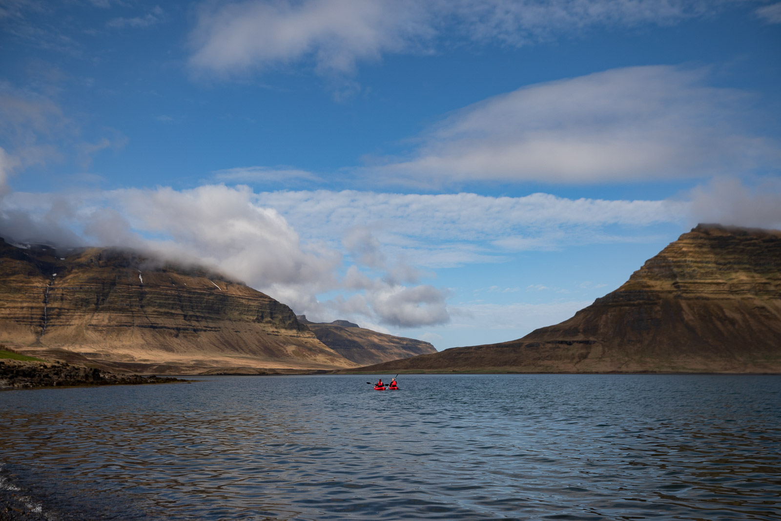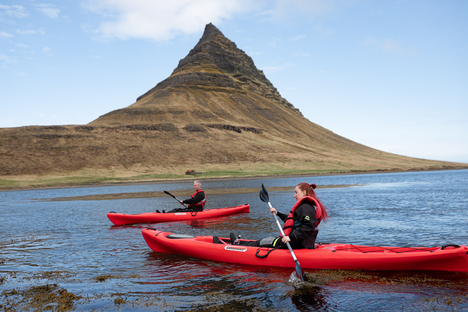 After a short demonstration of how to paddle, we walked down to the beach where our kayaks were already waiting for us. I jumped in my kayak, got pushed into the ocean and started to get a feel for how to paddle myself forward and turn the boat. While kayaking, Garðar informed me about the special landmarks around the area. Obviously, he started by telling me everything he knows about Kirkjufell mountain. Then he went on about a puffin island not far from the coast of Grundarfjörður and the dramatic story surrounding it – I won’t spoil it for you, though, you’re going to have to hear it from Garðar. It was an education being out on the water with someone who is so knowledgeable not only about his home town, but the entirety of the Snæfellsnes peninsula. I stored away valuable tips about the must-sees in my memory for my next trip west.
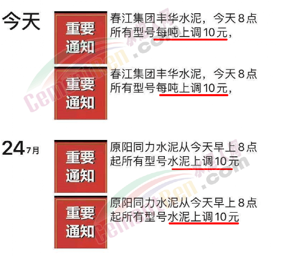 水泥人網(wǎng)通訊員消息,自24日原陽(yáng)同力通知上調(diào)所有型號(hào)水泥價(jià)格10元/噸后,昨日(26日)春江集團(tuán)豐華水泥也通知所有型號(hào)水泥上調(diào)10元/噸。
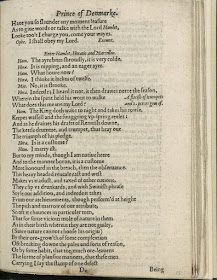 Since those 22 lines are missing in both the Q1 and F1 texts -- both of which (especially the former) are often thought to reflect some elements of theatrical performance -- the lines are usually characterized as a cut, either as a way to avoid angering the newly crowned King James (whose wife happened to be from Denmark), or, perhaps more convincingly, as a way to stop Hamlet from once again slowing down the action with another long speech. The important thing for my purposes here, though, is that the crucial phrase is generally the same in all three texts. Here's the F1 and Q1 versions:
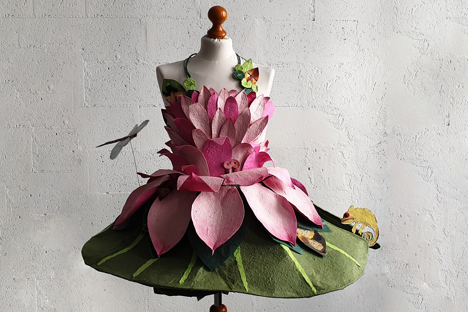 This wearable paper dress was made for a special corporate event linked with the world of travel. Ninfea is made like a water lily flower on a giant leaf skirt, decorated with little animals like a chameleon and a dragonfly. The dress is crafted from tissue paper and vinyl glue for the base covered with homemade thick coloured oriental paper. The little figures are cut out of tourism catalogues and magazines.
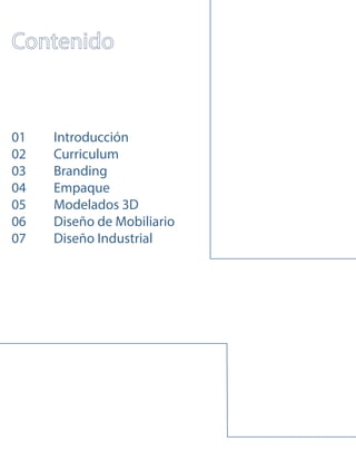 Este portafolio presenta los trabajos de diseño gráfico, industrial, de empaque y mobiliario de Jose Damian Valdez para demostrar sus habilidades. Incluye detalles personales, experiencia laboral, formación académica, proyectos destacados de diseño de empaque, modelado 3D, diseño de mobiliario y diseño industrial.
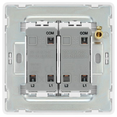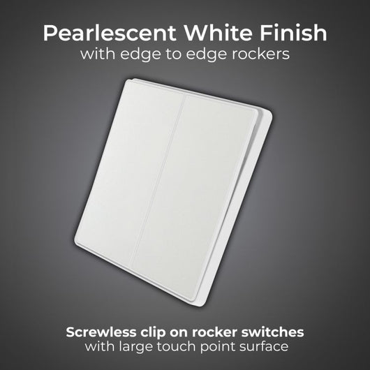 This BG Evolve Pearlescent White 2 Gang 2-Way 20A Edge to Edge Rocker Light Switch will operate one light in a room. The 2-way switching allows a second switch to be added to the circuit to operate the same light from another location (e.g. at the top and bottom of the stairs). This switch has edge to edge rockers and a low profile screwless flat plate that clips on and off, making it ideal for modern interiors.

== == ==

--- What is required ---
The answer must be an exact copy of the records, with no images in it.

--- Problem solution ---
 After a short demonstration of how to paddle, we walked down to the beach where our kayaks were already waiting for us. I jumped in my kayak, got pushed into the ocean and started to get a feel for how to paddle myself forward and turn the boat. While kayaking, Garðar informed me about the special landmarks around the area. Obviously, he started by telling me everything he knows about Kirkjufell mountain. Then he went on about a puffin island not far from the coast of Grundarfjörður and the dramatic story surrounding it – I won’t spoil it for you, though, you’re going to have to hear it from Garðar. It was an education being out on the water with someone who is so knowledgeable not only about his home town, but the entirety of the Snæfellsnes peninsula. I stored away valuable tips about the must-sees in my memory for my next trip west.
 水泥人網(wǎng)通訊員消息,自24日原陽(yáng)同力通知上調(diào)所有型號(hào)水泥價(jià)格10元/噸后,昨日(26日)春江集團(tuán)豐華水泥也通知所有型號(hào)水泥上調(diào)10元/噸。
 Since those 22 lines are missing in both the Q1 and F1 texts -- both of which (especially the former) are often thought to reflect some elements of theatrical performance -- the lines are usually characterized as a cut, either as a way to avoid angering the newly crowned King James (whose wife happened to be from Denmark), or, perhaps more convincingly, as a way to stop Hamlet from once again slowing down the action with another long speech. The important thing for my purposes here, though, is that the crucial phrase is generally the same in all three texts. Here's the F1 and Q1 versions:
 This wearable paper dress was made for a special corporate event linked with the world of travel. Ninfea is made like a water lily flower on a giant leaf skirt, decorated with little animals like a chameleon and a dragonfly. The dress is crafted from tissue paper and vinyl glue for the base covered with homemade thick coloured oriental paper. The little figures are cut out of tourism catalogues and magazines.
 Este portafolio presenta los trabajos de diseño gráfico, industrial, de empaque y mobiliario de Jose Damian Valdez para demostrar sus habilidades. Incluye detalles personales, experiencia laboral, formación académica, proyectos destacados de diseño de empaque, modelado 3D, diseño de mobiliario y diseño industrial.
 This BG Evolve Pearlescent White 2 Gang 2-Way 20A Edge to Edge Rocker Light Switch will operate one light in a room. The 2-way switching allows a second switch to be added to the circuit to operate the same light from another location (e.g. at the top and bottom of the stairs). This switch has edge to edge rockers and a low profile screwless flat plate that clips on and off, making it ideal for modern interiors.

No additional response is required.